Jayanta Roy-Chowdhury, M.D.The genetic disorder, alpha-1 antitrypsin (AAT) deficiency, is the most common potentially lethal hereditary disease among Caucasians, affecting an estimated 100,000 people in the United States and 3.4 million people worldwide. AAT is a protein made by the liver that is essential for lung health. In AAT deficiency, the liver produces a misshapen form of AAT that cannot enter the bloodstream and instead gets stuck inside liver cells, causing two major problems:
- AAT accumulates in the liver, leading to fibrosis (development of scar tissue) and liver failure;
- Too little AAT reaches the lungs, where it’s needed to rein in elastase, an enzyme produced by white blood cells. Elastase helps kill bacteria in the lungs, but uncontrolled elastase activity can damage lung tissue and lead to severe emphysema (chronic obstructive pulmonary disease).

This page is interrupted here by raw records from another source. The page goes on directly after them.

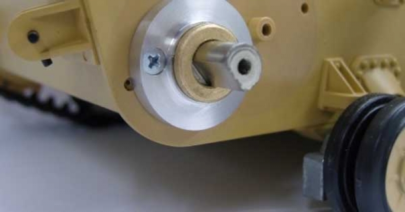 Two turned aluminum plates with sintered bearing bushes for additional support of the drive axles of the Panzer IV from Heng Long.
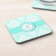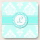 Pretty monogram coasters, with a light aquamarine and white damask background. A bold aquamarine stripe runs across the middle, with a decorative round disc, in the middle, for a one letter monogram. Personalise the initial to suit your needs. Great gift idea.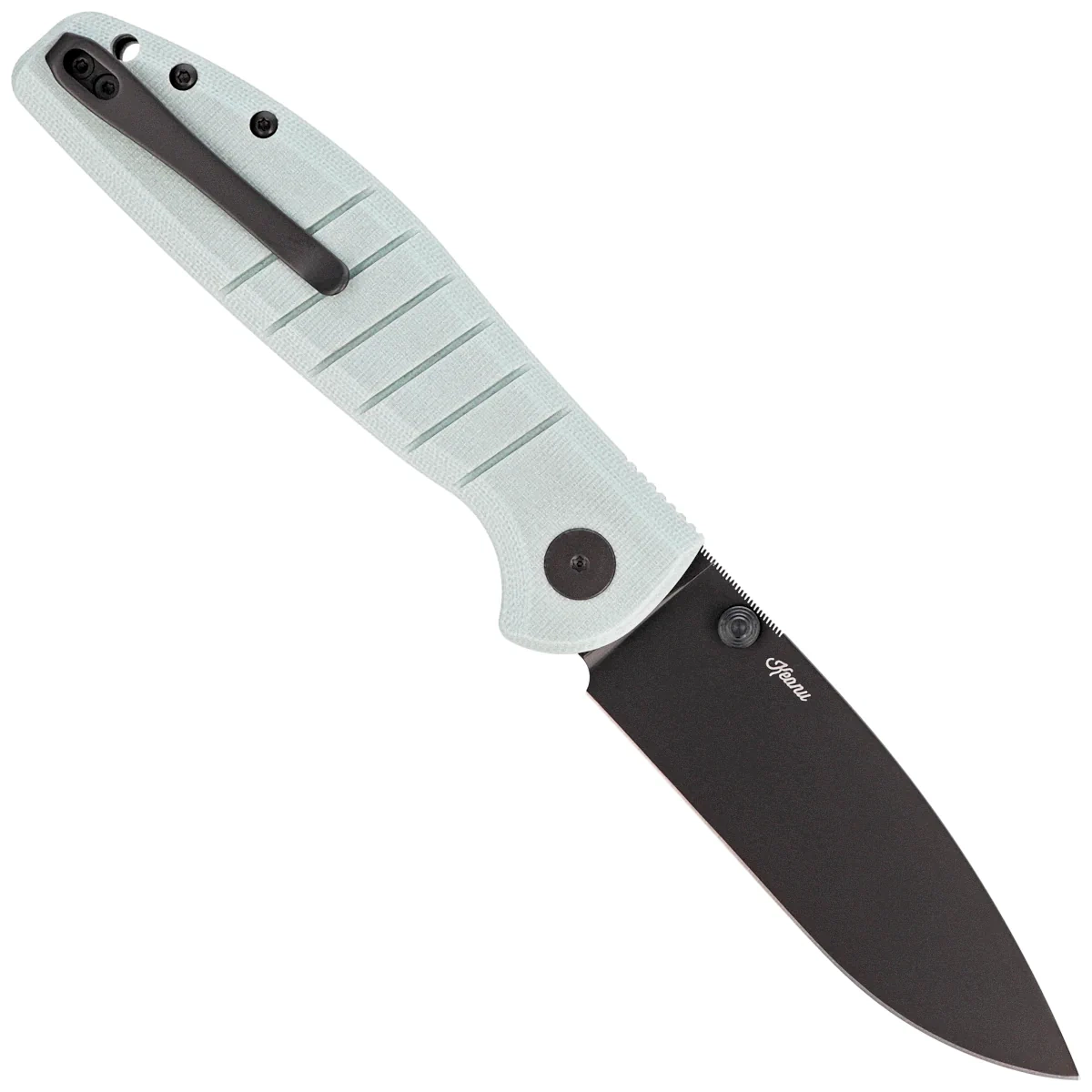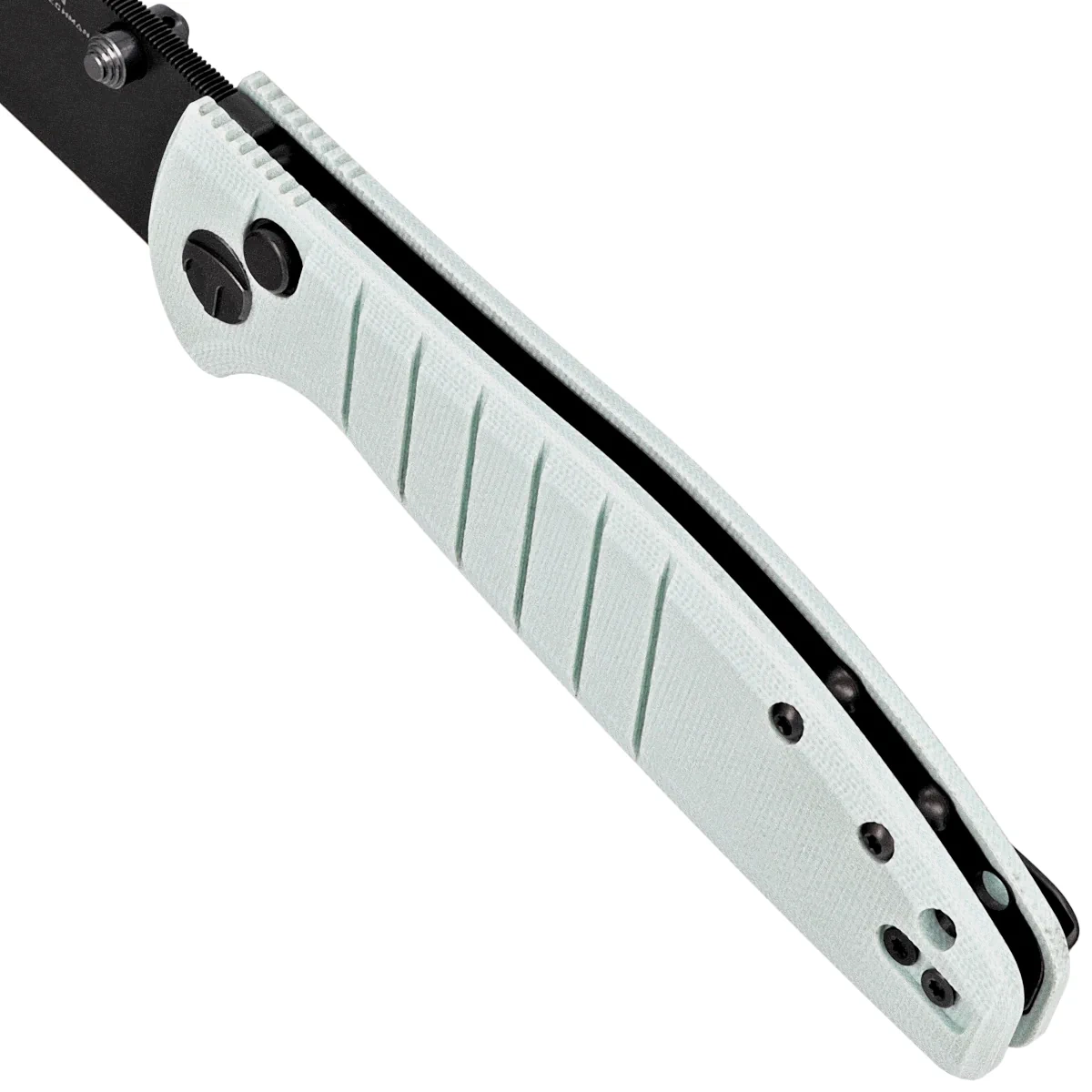 Rękojeść - wykonana z G10, kompozytowego materiału z włókna szklanego prasowanego pod ciśnieniem z syntetyczną żywicą. Agresywna tekstura okładzina zapewnia pewny chwyt, nawet mokrymi dłońmi. Fazowane krawędzie okładek eliminują ostre krawędzie dla wygody, a wykonany z przodu podcięcie na palec poprawia ergonomię. Otwarta konstrukcja tzw. open-backed mocowana stalowymi tulejami dystansowymi redukuję wagę oraz ułatwia czyszczenie. Dwupozycyjny, prawo/lewostronny klips deep carry pozwala przenosić dyskretnie nóż w kieszeni w pozycji tip-up (czubkiem ostrza ku górze).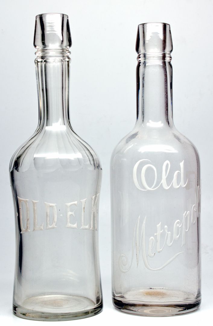 This lot contains two back bar bottles from the 1890s. They are made of clear glass. The one marked "OLD METROPOLITAN" in white enamel lettering stands about 11" tall and has a single collar un-ground applied top. There is no chipping or cracks. The second bottle stands over 11" and is labeled "OLD ELK" in white enamel. This bottle has a double collar applied un-ground top, with no cracking or chipping evident.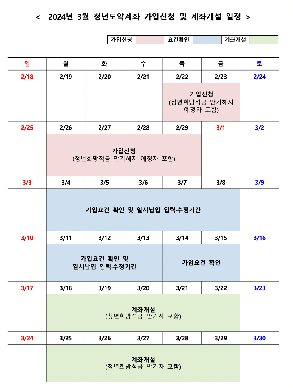 - 계좌개설 : 3/18 - 3/29 (청년희망적금 만기자 포함)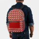 Under the mesh pocket on the right lower side, where you can keep a water bottle or something, there is a text field you can change to whatever text you want.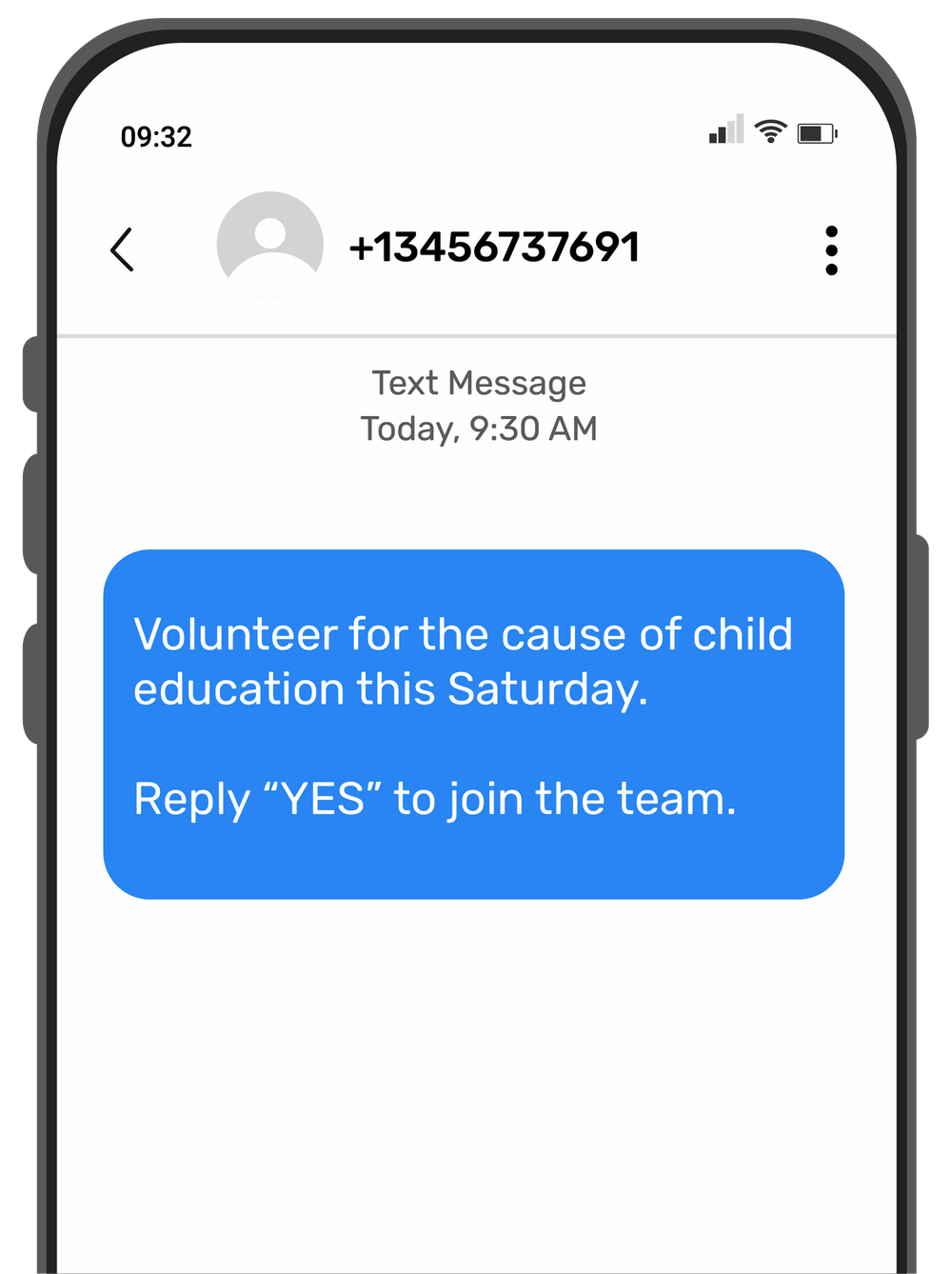 Example: “Volunteer for the cause of child education this Saturday. Reply “YES” to join the team.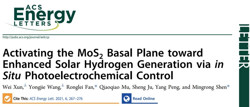 近日,萝莉社 范荣磊助理研究员(共同通讯作者)、雎胜教授和沈明荣教授(共同通讯作者)合作,在构建高效稳定的Si光阴极用于太阳能分解水制氢方面取得创新性研究成果。相关工作的第一作者为2018级博士研究生荀威,以萝莉社 为第一单位,以“Activating the MoS2 Basal Plane toward Enhanced Solar Hydrogen Generation via in Situ Photoelectrochemical Control”为题发表在国际能源领域顶级期刊ACS Energy Letters上。(ACS Energy Lett. 2021, 6, 267−276,影响因子:19.003)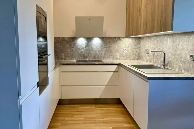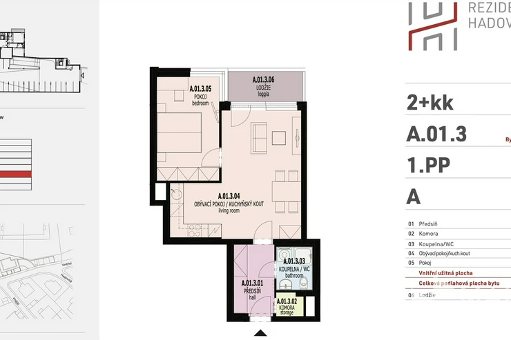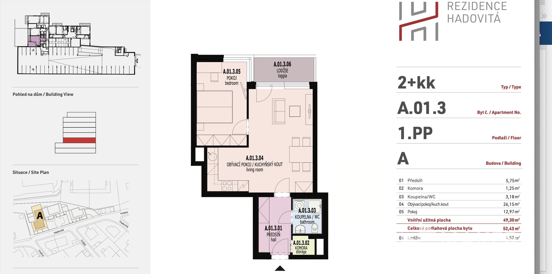 The apartment is situated in a modern residential building called Rezidence Hadovitá, built into a hillside. While the apartment is officially registered on the -1st floor (1.PP), in reality, it is located on the 3rd above-ground floor, as there are two full floors below it. Thanks to this unique position, the apartment receives plenty of natural light and offers pleasant open views.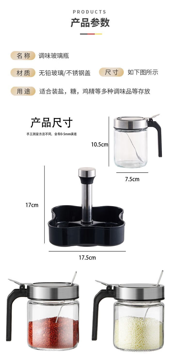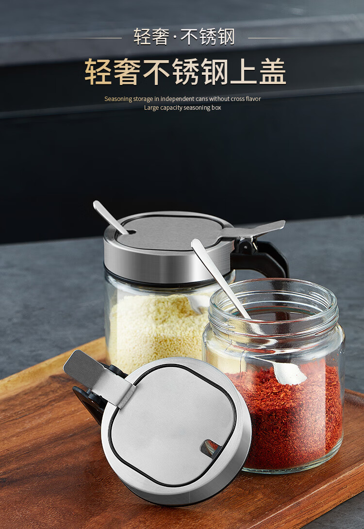 Bodenju high-end kitchen seasoning box salt shaker seasoning jar glass seasoning bottle household seasoning jar storage box combination set lead-free glass (can hold 400g salt) 350ml sharing pack 2 (free stainless steel spoon + label)
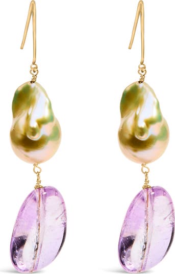 14K Yellow Gold Amethyst and Baroque Pearl Drop and Dangle Earrings

In the study, Dr. Roy-Chowdhury and his colleagues tested cell therapy on transgenic mice whose liver cells (hepatocytes) had been engineered to produce mutant human AAT, resulting in liver fibrosis. When the mice were given infusions of hepatocytes harvested from the livers of healthy mice, the transplanted cells proliferated in the host liver, progressively replacing diseased hepatocytes. Most importantly, said Dr. Roy-Chowdhury, the transplanted cells reversed the fibrosis that had developed.
Immunofluorescent staining of liver two months after normal liver cells (green) were transplanted into a transgenic mouse model of alpha-1 antitrypsin disease. Red indicates the mutated protein that has accumulated in the host liver cells, and clusters of blue cells (concentrated in upper left) are the transplanted cells that have markedly proliferated. Current therapy for AAT deficiency consists of life-long injections of a genetically engineered version of AAT called Prolastin. “This very expensive therapy slows progression of the lung disease in some patients but does not have any beneficial effect on the liver disease,” said Dr. Roy-Chowdhury. The only other therapy for AAT deficiency is combined lung-liver transplantation, which is reserved for the sickest patients.
“These promising results in animals indicate that it may be worthwhile to investigate the usefulness of hepatocyte transplantation for AAT deficiency as well as a variety of other inherited liver-based disorders,” said Dr. Roy-Chowdhury.
The title of the paper is “Spontaneous hepatic repopulation in transgenic mice expressing mutant human alpha 1-anti-trypsin by wildtype donor hepatocytes.” Other Einstein researchers involved in the study are Jianqiang Ding, M.D., Ph.D., Namita Roy-Chowdhury, Ph.D., Yesim Avsar, M.D., and Chandan Guha, M.B., B.S., Ph.D. The research was supported by the National Institutes of Health, the National Institute of Diabetes, Digestive and Kidney Diseases, the New York Stem Cell Foundation, the Oxalosis and Hyperoxaluria Foundation, and the United States Department of Defense.